5. Bastiaan Willems and Michał Adam Palacz, "Polish refugees and East Prussian expellees: Applying the four-dimensional model", in Bastiaan Willems and Michał Adam Palacz (eds.), A Transnational History of Forced Migrants in Europe: Unwilling Nomads in the Age of the Two World Wars (Bloomsbury Academic, 2002), pp. 245-260. Chapter DOI: 10.5040/9781350281110.0027

Keywords: Diaspora; conceptual model; forced migration; transnational history; Polish refugees; East Prussian expellees; Britain; post-war Germany

Abstract: The concluding essay by Willems and Palacz demonstrates the full potential of the proposed conceptual model of diaspora by presenting Polish wartime refugees in Britain and East Prussian expellees in post-war Germany as objects of study independent of national histories.
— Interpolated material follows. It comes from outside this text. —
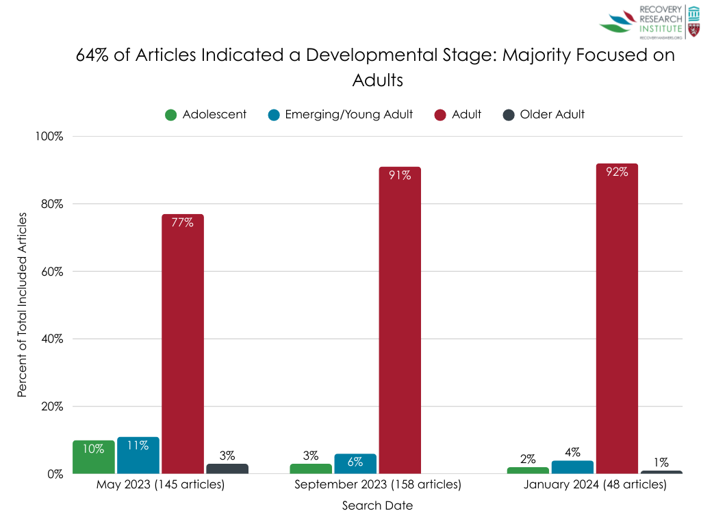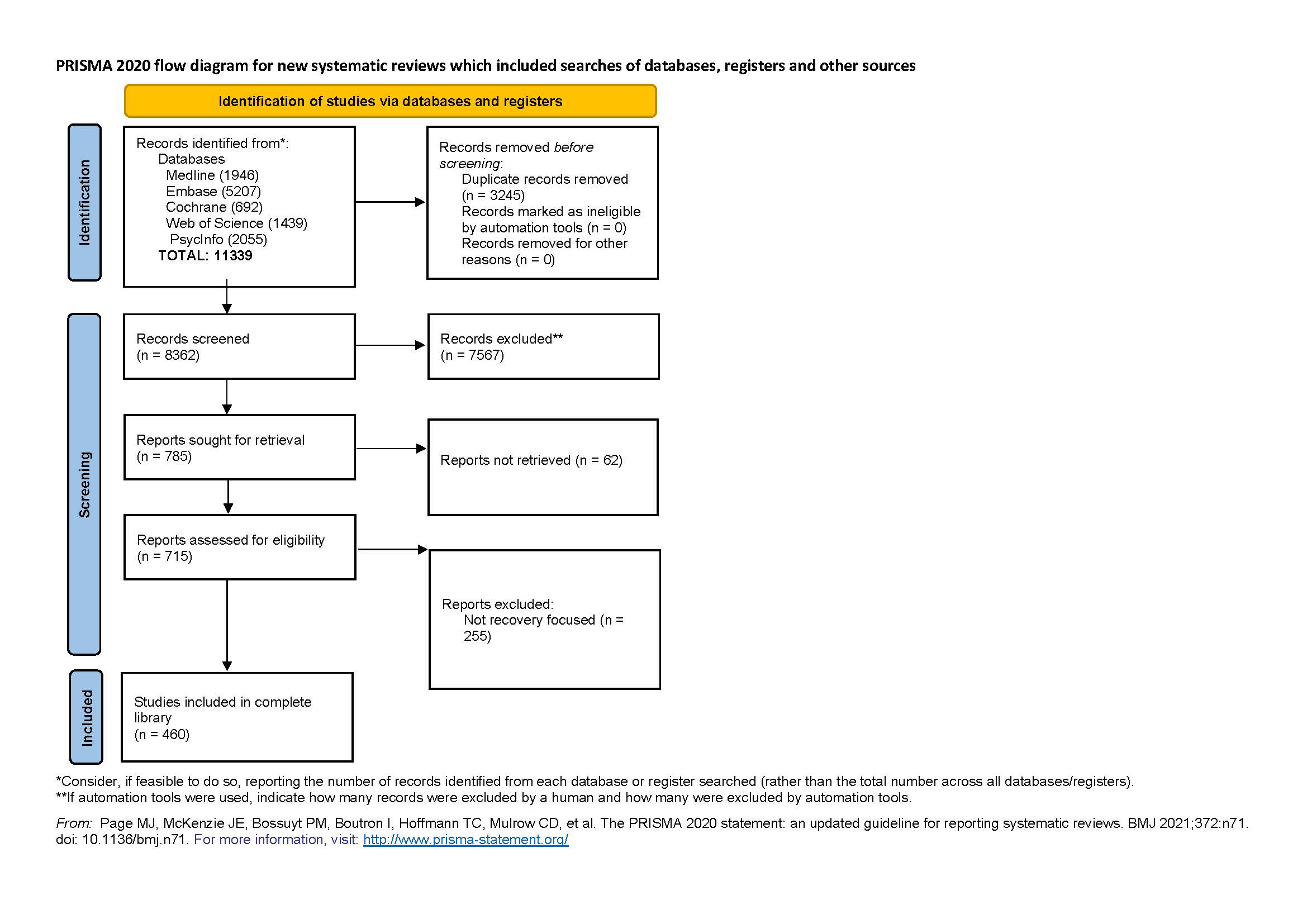 Search. The search strategy was developed and implemented by Melis Lydston, a medical librarian and Knowledge Specialist for Research & Instruction at the Treadwell Library. Electronic searches for published literature were conducted using Ovid MEDLINE (1946 to present), Embase.com (1947 to present), Web of Science (1900 to present), Cochrane Central Register of Controlled Trials (CENTRAL) via Ovid (1991 to present) and PsycInfo (1967 to May Week 2 2023). To avoid the potential to contribute to publication and/or reporting bias, we do not have inclusion criteria to screen out non-peer reviewed studies (e.g., dissertations, conference presentations) and include them when relevant. The search strategy incorporated controlled vocabulary and free-text synonyms for the concepts of youth, adults, substance abuse disorders, treatment, and recovery. Search strategies for each database can be found here: dates listed will be updated quarterly for the actual search our team conduct, but this document uses the final search from September 2023 (no keywords or terms have been changed since). No restrictions on language were applied. An adapted age filter was used and a date limit from 2022 to present was used for the first search since RRI acquired the Bibliography (May 2023). The most recent search was conducted in September of 2023. The PRISMA flow diagram, below, will be updated on a quarterly basis, after the screening process for that quarter has been completed.

While the historiographies of both Polish and East Prussian diasporas have largely been shaped by collective memories of victimhood and politically-charged narratives of 'integration', Willems and Palacz reinterpret the experiences of Polish refugees and East Prussian expellees through the lens of their four-dimensional relationship with the host society, homeland, own diaspora and other migrant communities. The two case studies reveal that forced migration should be seen as a transnational and de-homogenised experience which offers new perspectives on the developments that spurred European history in the first half of the twentieth century.